──────── Supplied entries

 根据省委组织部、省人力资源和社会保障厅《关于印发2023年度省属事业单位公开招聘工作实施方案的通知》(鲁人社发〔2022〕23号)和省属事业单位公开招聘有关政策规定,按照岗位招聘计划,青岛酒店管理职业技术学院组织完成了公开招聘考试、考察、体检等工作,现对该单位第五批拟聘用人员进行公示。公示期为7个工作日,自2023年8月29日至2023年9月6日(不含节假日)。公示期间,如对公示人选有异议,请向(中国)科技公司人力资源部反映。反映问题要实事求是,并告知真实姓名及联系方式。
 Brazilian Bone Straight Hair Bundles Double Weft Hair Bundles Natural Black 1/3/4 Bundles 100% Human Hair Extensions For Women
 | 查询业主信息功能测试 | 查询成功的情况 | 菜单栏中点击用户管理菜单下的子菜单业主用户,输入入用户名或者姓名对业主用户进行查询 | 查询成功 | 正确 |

────────────────
──────── Supplied entries

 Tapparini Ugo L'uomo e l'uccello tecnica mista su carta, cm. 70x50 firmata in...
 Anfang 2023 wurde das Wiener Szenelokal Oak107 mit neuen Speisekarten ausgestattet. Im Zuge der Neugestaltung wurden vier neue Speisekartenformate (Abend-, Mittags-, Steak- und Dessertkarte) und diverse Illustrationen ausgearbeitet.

────────────────
──────── Supplied entries

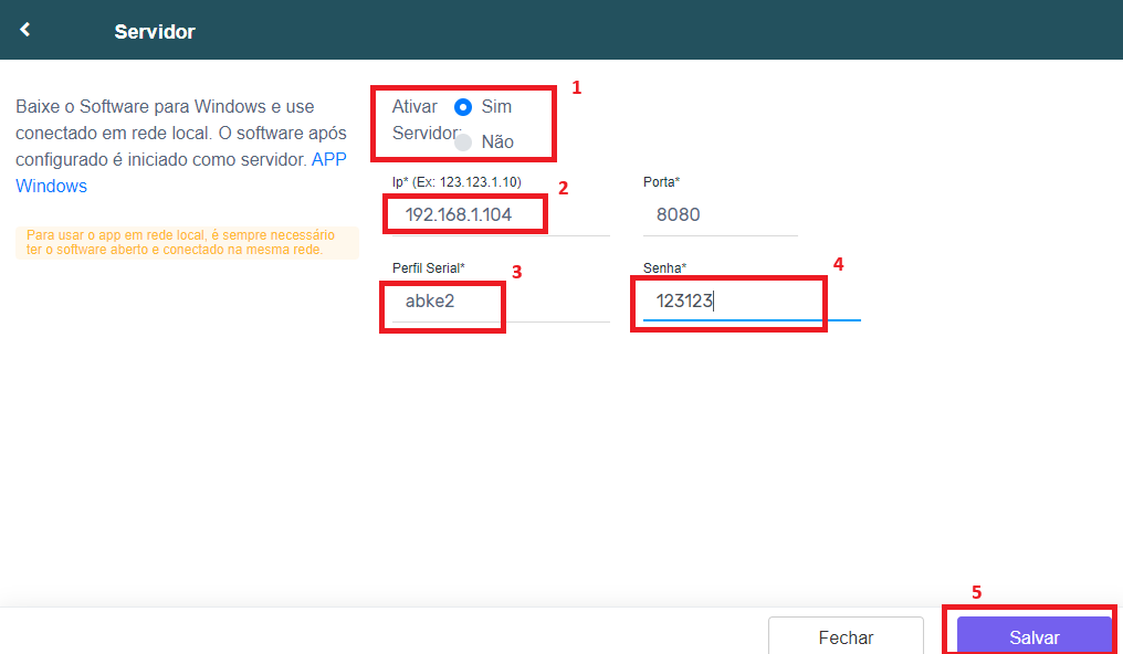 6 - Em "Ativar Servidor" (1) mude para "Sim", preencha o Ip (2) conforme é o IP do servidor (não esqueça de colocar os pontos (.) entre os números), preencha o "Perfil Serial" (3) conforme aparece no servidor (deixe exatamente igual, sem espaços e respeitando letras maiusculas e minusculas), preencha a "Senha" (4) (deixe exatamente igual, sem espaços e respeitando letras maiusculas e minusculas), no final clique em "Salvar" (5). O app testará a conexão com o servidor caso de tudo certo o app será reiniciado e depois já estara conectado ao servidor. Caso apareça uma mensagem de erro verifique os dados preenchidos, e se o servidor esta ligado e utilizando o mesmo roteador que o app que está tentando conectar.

────────────────

**Task instructions:**
Your answer should be the exact lines above from the one with "根据省委组织部、省人力资源和" through the one with "Brazilian Bone Straight", both included, and nothing besides.

**Your solution:**
 根据省委组织部、省人力资源和社会保障厅《关于印发2023年度省属事业单位公开招聘工作实施方案的通知》(鲁人社发〔2022〕23号)和省属事业单位公开招聘有关政策规定,按照岗位招聘计划,青岛酒店管理职业技术学院组织完成了公开招聘考试、考察、体检等工作,现对该单位第五批拟聘用人员进行公示。公示期为7个工作日,自2023年8月29日至2023年9月6日(不含节假日)。公示期间,如对公示人选有异议,请向(中国)科技公司人力资源部反映。反映问题要实事求是,并告知真实姓名及联系方式。
 Brazilian Bone Straight Hair Bundles Double Weft Hair Bundles Natural Black 1/3/4 Bundles 100% Human Hair Extensions For Women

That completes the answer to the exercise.